Cuthbert writes that PPPs allow for a way around borrowing limits, but bring further problems: “Under this type of arrangement, the private sector builds the relevant asset, which appears on its books, and so does not count against the Scottish Government’s capital budget or borrowing limit…
“Such schemes were abandoned by the UK Government – but not in Scotland (or Wales, which is subject to similar fiscal settlement constraints).
“In Scotland, the Scottish Government retains the option to use a form of PPP called the Mutual Investment Model, which is acknowledged to be more expensive than conventional procurement.”

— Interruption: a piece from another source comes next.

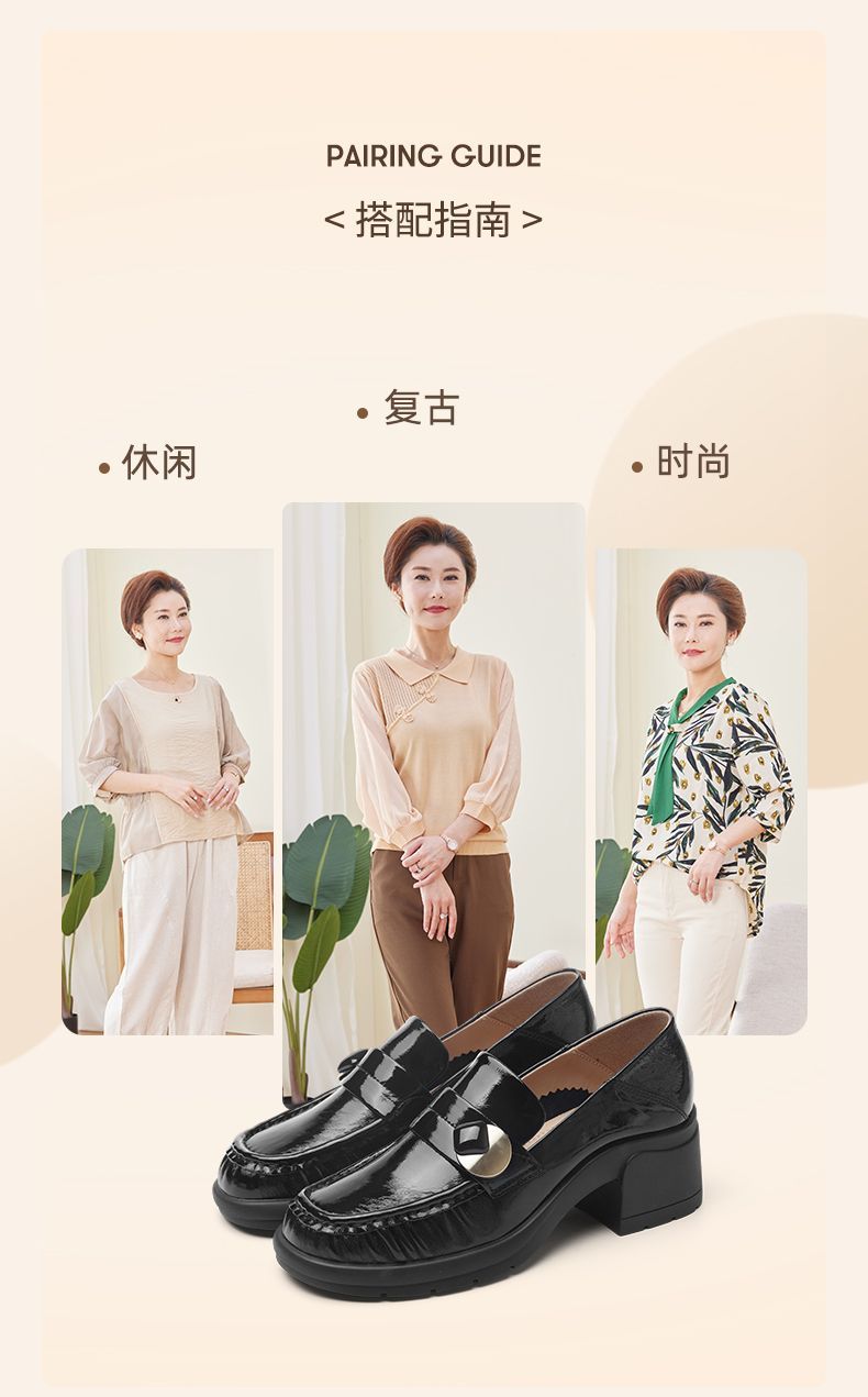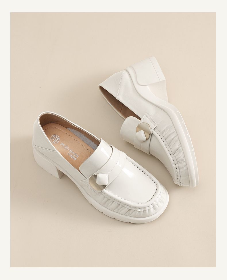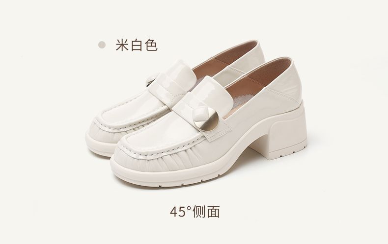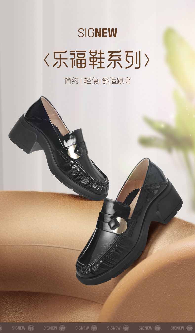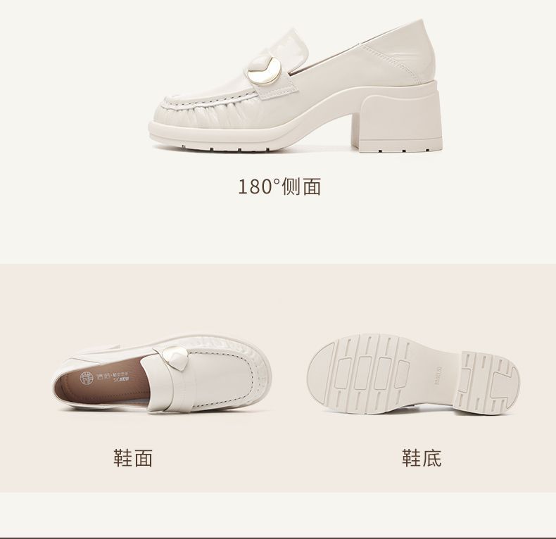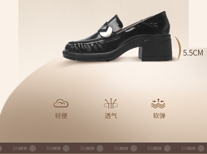 信诺真皮厚底粗跟英伦风乐福鞋2025年春季新款软底女鞋一脚蹬单鞋X5C009-61

Speaking after the 2023 fiscal deal with the UK Government was struck, Deputy First Minister and Finance Secretary Shona Robison (above) said: “This is a finely balanced agreement that gives us some extra flexibility to deal with unexpected shocks, against a background of continuing widespread concern about the sustainability of UK public finances and while it is a narrower review than we would have liked, I am grateful to the Chief Secretary to the Treasury for reaching this deal.”
Speaking on the publication of the report, Common Weal policy chief Craig Dalzell said: "In 2016 the Scottish Government signed a bad deal that severely constrained Scotland's finances. This was a mistake but at least one made with the chance to correct it this year. The Scottish Government missed that chance.
“They should have negotiated an expansion of borrowing powers and a correction to the fiscal squeeze that devolution imposes. More importantly though, these negotiations should not have taken place behind closed doors but in the full view of public scrutiny.”